Could you print, exactly and without pictures, only the lines from the one with "The Birkholmhof is" through the end of the records below?

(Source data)
■ ■ ■ ■

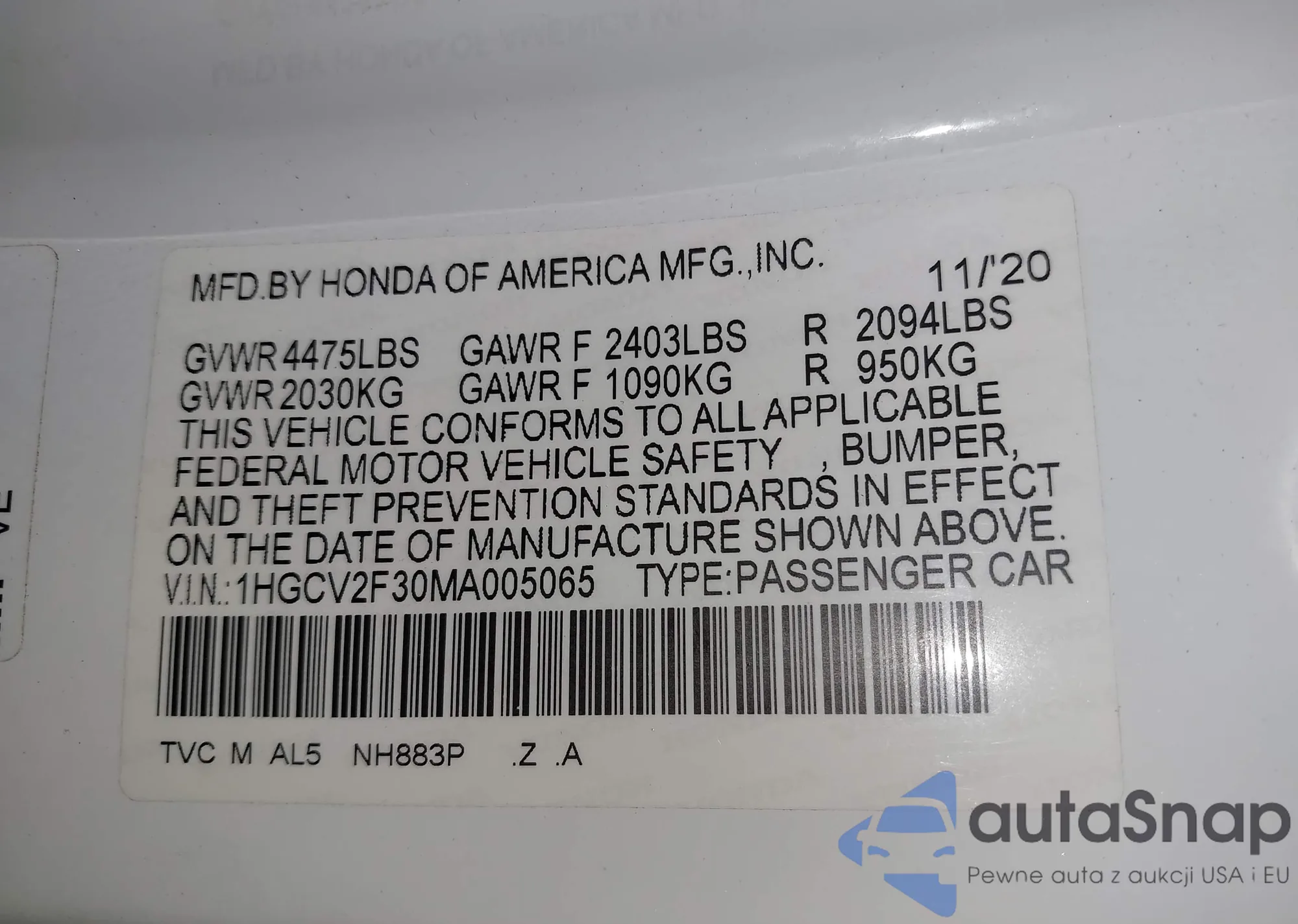 VIN: 1HGCV2F30MA005065
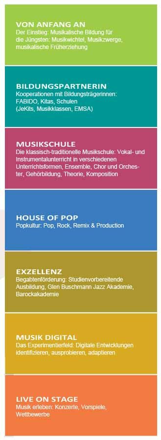 Weitere Bereiche der neuen Struktur sind das „House of Pop“, „Musik Digital“ und die „Exzellenz“ mit der Begabtenförderung in der Studienvorbereitenden Ausbildung sowie der Barockakademie und der Glen Buschmann Jazz Akademie – beide bundesweit einzigartig. Der Veranstaltungsbereich wird sich als Sparte „Live on stage“ weiter profilieren.
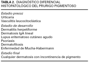 Resulta importante entender que los hallazgos histopatológicos reflejan el mismo dinamismo que, en sólo días, es posible observar en las lesiones clínicas. En un estadio precoz (pápulas urticadas) se observa un infiltrado perivascular superficial de neutrófilos, polvo nuclear, edema de la dermis papilar y una incipiente espongiosis neutrofílica hacia la epidermis. En el estadio de desarrollo (papulovesículas y costras) aparecen francas vesículas espongióticas, microabscesos de neutrófilos, necrosis de queratinocitos, un infiltrado linfocitario de disposición liquenoide, células disqueratósicas, cierto número de eosinófilos en dermis y epidermis y la posibilidad de ampollas tanto intraepidérmicas (por espongiosis) como subepidérmicas (por daño vacuolar basal). En el estadio final (mácula pigmentada) se aprecia hiperpigmentación epidérmica, infiltrados linfoides perivasculares e incontinencia de pigmento (melanófagos en dermis). La inmunofluorescencia directa es negativa. El diagnóstico diferencial histopatológico se recoge en la tabla 2.
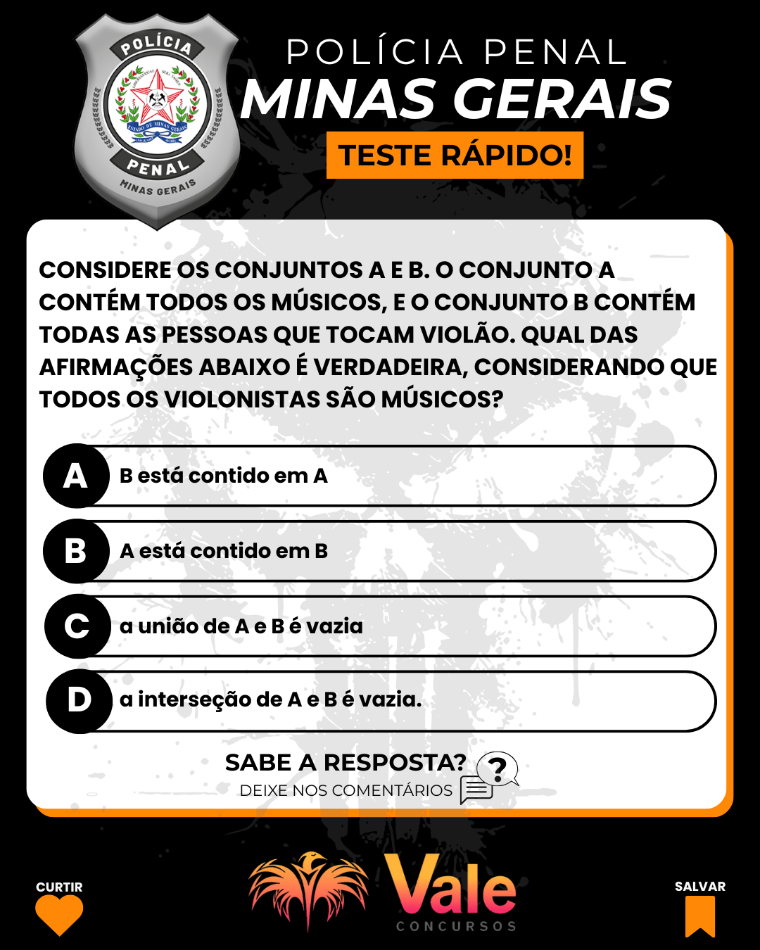 A questão apresentada trabalha um tema muito recorrente em concursos públicos, especialmente nas provas da Polícia Penal de Minas Gerais: lógica de conjuntos. Vamos à análise passo a passo. Enunciado
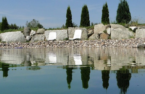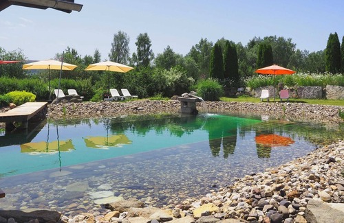 The Birkholmhof is a very idyllic holiday farm in a south-facing slope with panoramic views and a natural pool at Bärnau in Bavaria, in the Upper Palatinate Forest on the border with the Czech Republic. Rest and peace for your vacation can be found in our well - maintained 4 - and 5 - star non - smoking apartments and rooms. Overnight at the small campsite and in the hut. Ideal for families and groups. Accommodation with natural pool, separate group room for 30 people at the fireplace, climbing wall / boulder wall, playground, wood-burning sauna in the log house by the pool. Vierseithof in a secluded location, ideal for nature lovers and athletes for biking, hiking, fishing, climbing, mountain biking and cross-country skiing. With drinks and bread service, bike rental with child seats, 2 e-bikes in our wood-burning outdoor sauna, you can relax by the crackling stove really. The Finnish sauna is right next to the pool and will only be heated for you on request (for a fee).
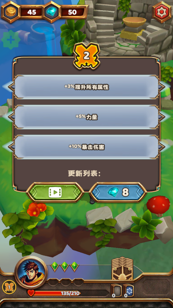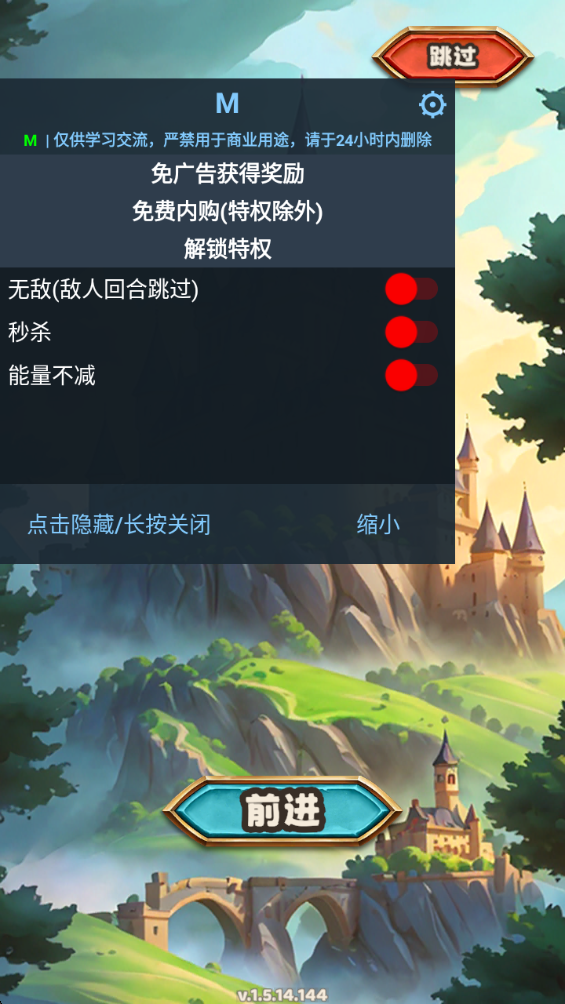 王座持有者是一款集卡牌、策略、冒险与英雄大乱斗于一体的游戏,你不仅要从一个堆满怪物和阴谋的世界中脱颖而出,还要扮演一位英雄,带领自己的王国迎接各种挑战,游戏的策略性极强,每一次构建卡组就像是一场脑力大考验,哪怕是最细微的变化,都会影响到最终的胜负。 王座持有者怎么玩1.进入关卡之后,你将扮演场上这名战士进入战斗。 2.点击屏幕上的区块进行移动。 3.进入之后就可以对敌人造成攻击了,拖动卡牌到敌人身上,点击卡牌可以查看卡牌详情。 4.这个绿色的石头就是你的回合数,一块石头代表一次攻击机会,卡牌上有绿石头标志的就是需要耗费绿色石头的。 5.打败小boss之后就可以提升你的属性。 6.在地图上移动时,也可以获得金币、新的卡牌或者是新的提升。 7.值得注意的是,有的卡牌耗费的绿色石头是多颗,使用的时候要注意哦。 菜单 1.免费内购 2.免广告获得奖励 3.无敌 4.秒杀 5.能量无限 6.货币不减反加 温馨提示前10关别拼命内购抽奖,会卡教程 |
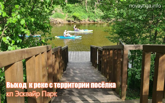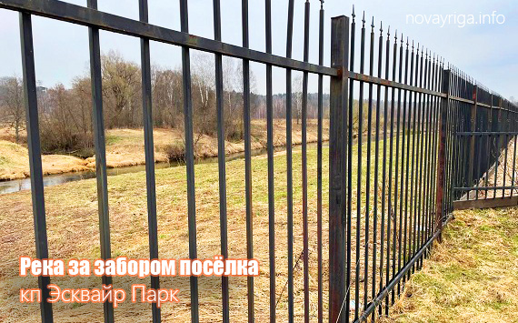 Между забором поселка и рекой вдоль реки большая широкая луговая полоса, которая однозначно подойдет для собачников и просто любителей пройтись вдоль реки.
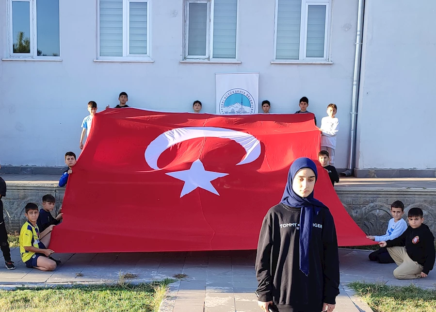 Taşıdıkları Türk bayraklarıyla şehitleri anan öğrenciler, İstiklal Marşı'nın 10 kıtasını okudu.

■ ■ ■ ■

▸ **RESULT BELOW**
 The Birkholmhof is a very idyllic holiday farm in a south-facing slope with panoramic views and a natural pool at Bärnau in Bavaria, in the Upper Palatinate Forest on the border with the Czech Republic. Rest and peace for your vacation can be found in our well - maintained 4 - and 5 - star non - smoking apartments and rooms. Overnight at the small campsite and in the hut. Ideal for families and groups. Accommodation with natural pool, separate group room for 30 people at the fireplace, climbing wall / boulder wall, playground, wood-burning sauna in the log house by the pool. Vierseithof in a secluded location, ideal for nature lovers and athletes for biking, hiking, fishing, climbing, mountain biking and cross-country skiing. With drinks and bread service, bike rental with child seats, 2 e-bikes in our wood-burning outdoor sauna, you can relax by the crackling stove really. The Finnish sauna is right next to the pool and will only be heated for you on request (for a fee).
 王座持有者是一款集卡牌、策略、冒险与英雄大乱斗于一体的游戏,你不仅要从一个堆满怪物和阴谋的世界中脱颖而出,还要扮演一位英雄,带领自己的王国迎接各种挑战,游戏的策略性极强,每一次构建卡组就像是一场脑力大考验,哪怕是最细微的变化,都会影响到最终的胜负。 王座持有者怎么玩1.进入关卡之后,你将扮演场上这名战士进入战斗。 2.点击屏幕上的区块进行移动。 3.进入之后就可以对敌人造成攻击了,拖动卡牌到敌人身上,点击卡牌可以查看卡牌详情。 4.这个绿色的石头就是你的回合数,一块石头代表一次攻击机会,卡牌上有绿石头标志的就是需要耗费绿色石头的。 5.打败小boss之后就可以提升你的属性。 6.在地图上移动时,也可以获得金币、新的卡牌或者是新的提升。 7.值得注意的是,有的卡牌耗费的绿色石头是多颗,使用的时候要注意哦。 菜单 1.免费内购 2.免广告获得奖励 3.无敌 4.秒杀 5.能量无限 6.货币不减反加 温馨提示前10关别拼命内购抽奖,会卡教程 |
 Между забором поселка и рекой вдоль реки большая широкая луговая полоса, которая однозначно подойдет для собачников и просто любителей пройтись вдоль реки.
 Taşıdıkları Türk bayraklarıyla şehitleri anan öğrenciler, İstiklal Marşı'nın 10 kıtasını okudu.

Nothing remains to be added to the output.